Lawmakers told of plight of disabled, seniors in state
Tuesday, Oct. 29, 2002 | 8:58 a.m.
CARSON CITY -- Hundreds if not thousands of people with disabilities are not receiving appropriate services in Nevada, according to a state strategic plan released Monday.
"Nevada's entire system of services for people with disabilities is grossly under-funded," said the report presented to the Legislative Committee on Health Care.
The plan, along with similar studies on problems of senior citizens and health care in rural Nevada, were presented to the committee. Also outlined was a study for overhauling the rates paid by the state for health care for those citizens.
The 2001 Legislature allocated $800,000 to develop the studies to find out where Nevada was falling short and to present recommendations. The suggestions in the plans will cost millions of dollars.

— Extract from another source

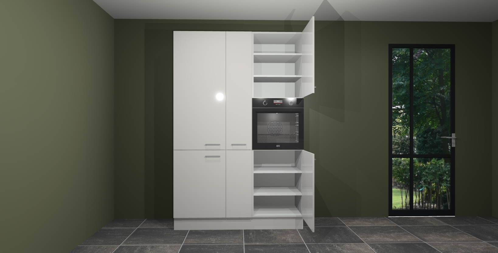 Met een modern, tijdloos design en ruime opslagruimte, zult u zich in no-time thuis voelen in uw nieuwe keuken. Uw leven wordt eenvoudiger met de soft-close deuren die voor het ultieme stille comfort zorgen - geen geluid dat u stoort terwijl u kookt. Ook is de keuken voorzien van 5 ingebouwde apparaten: een oven, inductie kookplaat, afzuigkap, vaatwasser en koelkast. Deze kunnen gemakkelijk na bestelling worden bijgewerkt naar AEG - waardoor uw luxe ervaring compleet is.

State Human Resources Director Mike Willden said he will meet with Gov. Kenny Guinn Wednesday to brief him on the recommendations and to see what will be included in the 2003 budget.

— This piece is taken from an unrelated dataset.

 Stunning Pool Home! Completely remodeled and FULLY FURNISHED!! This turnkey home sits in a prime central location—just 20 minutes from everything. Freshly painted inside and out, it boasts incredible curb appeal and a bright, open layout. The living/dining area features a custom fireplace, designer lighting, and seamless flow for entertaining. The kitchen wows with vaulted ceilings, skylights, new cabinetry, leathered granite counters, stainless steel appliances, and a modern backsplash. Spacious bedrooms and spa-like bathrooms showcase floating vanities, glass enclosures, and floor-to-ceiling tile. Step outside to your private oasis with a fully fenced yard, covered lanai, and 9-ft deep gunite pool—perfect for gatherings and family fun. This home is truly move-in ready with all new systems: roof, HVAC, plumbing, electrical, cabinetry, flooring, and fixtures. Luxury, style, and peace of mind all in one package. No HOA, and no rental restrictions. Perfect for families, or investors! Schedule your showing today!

Willden cautioned that all of the suggestions will not be able to be financed in one biennium but would have to be spread out of a series of years.
Tom Pierce, chairman of the department of special education at the University of Nevada, Las Vegas, and a member of the disability task force, outlined some of the points of the plan that estimated there were 375,000 people with disabilities in Nevada, of which 50,000 are children.

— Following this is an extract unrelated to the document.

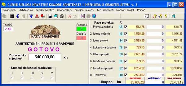 Druga slika - Izračun: Prethodno je odabrana proračunska vrijednost 640.000, nakon toga III stupanj složenosti građevine, iz čega su proizašle cijene po fazama, a ukupna je cca 28.000 kn.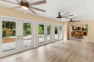 Welcome to your dream home! This beautifully updated 4-bedroom, 2-bath home located in a serene and highly sought-after gated community. Enjoy the peace of mind that comes with security and privacy, along with the option for voluntary membership to three prestigious golf courses.This bright, open home features vaulted ceilings, a cozy wood-burning fireplace, and a spacious modern kitchen with stone countertops and newer stainless steel appliances. Major upgrades include a new roof (2022) on both the home and detached garage (30-year warranty), newer gutters, 3 brand new sets of impact French doors along with brand new flooring being installed throughout, updated bathrooms, and a 6-foot privacy fence.Relax in the tranquil backyard oasis with new pavers (2023) and lush

The report recommends more community services for this group.
"Many people who can live in the community are unnecessarily languishing in nursing facilities and other segregated setting and missing out on the many opportunities the community offers them," the report said.
"In nearly every component of community services, funding in Nevada falls far short of the needs of its citizens with disabilities. When compared with other states across the country in terms of both overall spending and per capital fiscal effort for community services, Nevada is either last or almost last in nearly every funding category."
There are more than 125 Nevadans with disabilities living out of state, and Pierce said that was "the wrong thing to do." Nevada must start its own programs to take care these people, Pierce said.
Susan Rhodes, chairwoman of the Senior Services Task Force, echoed some of the complaints about services for the elderly. She said 85 percent of senior citizens who are in publicly funded programs are in nursing homes. The goal is to reduce that to 60 percent. And she wants to lower the number of hospital visits of seniors by 15 percent.
Rhodes, asked by Sen. Ray Rawson, R-Las Vegas, about long-term care insurance for the seniors, said it's too expensive for many of the elderly to buy.
Rawson, who is chairman of the legislative committee, suggested the state might have to look at providing insurance to cover long-term care for seniors who retire from the state. He said that would amount to about $150 a year in added premiums that would be paid by both young and old state workers.
Rawson said 50 to 60 percent of the people can't afford the insurance to cover costs of a nursing home or other services provided in the community.
A goal of the senior task force is that by 2010, 290,000 Nevada elderly pay no more than 30 percent of their income for housing and utilities and that those enrolled in the state's low-cost prescription drug program be increased from 7,500 to 10,124.
Robin Keith, chairman of the Rural Health Task Force, said the major problem in rural counties is the lack of medical care.